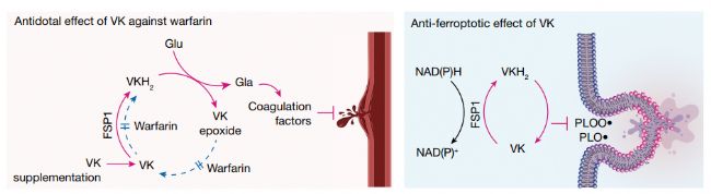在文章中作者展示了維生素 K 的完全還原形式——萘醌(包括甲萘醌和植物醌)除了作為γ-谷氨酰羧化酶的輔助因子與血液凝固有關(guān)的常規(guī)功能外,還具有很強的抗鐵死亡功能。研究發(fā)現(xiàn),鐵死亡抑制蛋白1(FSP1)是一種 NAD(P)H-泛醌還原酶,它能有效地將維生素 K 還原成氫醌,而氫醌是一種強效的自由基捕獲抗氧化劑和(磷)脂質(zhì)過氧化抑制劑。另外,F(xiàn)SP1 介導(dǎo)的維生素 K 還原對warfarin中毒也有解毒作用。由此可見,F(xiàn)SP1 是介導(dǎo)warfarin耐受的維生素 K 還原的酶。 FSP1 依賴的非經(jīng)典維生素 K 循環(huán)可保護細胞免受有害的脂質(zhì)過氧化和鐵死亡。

----

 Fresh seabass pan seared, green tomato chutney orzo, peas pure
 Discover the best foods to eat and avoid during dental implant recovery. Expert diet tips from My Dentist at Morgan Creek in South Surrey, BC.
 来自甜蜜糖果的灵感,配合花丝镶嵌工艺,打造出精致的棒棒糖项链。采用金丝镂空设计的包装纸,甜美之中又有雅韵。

----

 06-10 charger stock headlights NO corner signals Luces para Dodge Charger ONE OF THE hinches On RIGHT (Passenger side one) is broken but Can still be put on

----

### Activity
All that is wanted is the stretch of lines above from the one containing "Discover the best" through the one containing "来自甜蜜糖果的灵感,配合花丝", duplicated exactly.

### Answer to this exercise
 Discover the best foods to eat and avoid during dental implant recovery. Expert diet tips from My Dentist at Morgan Creek in South Surrey, BC.
 来自甜蜜糖果的灵感,配合花丝镶嵌工艺,打造出精致的棒棒糖项链。采用金丝镂空设计的包装纸,甜美之中又有雅韵。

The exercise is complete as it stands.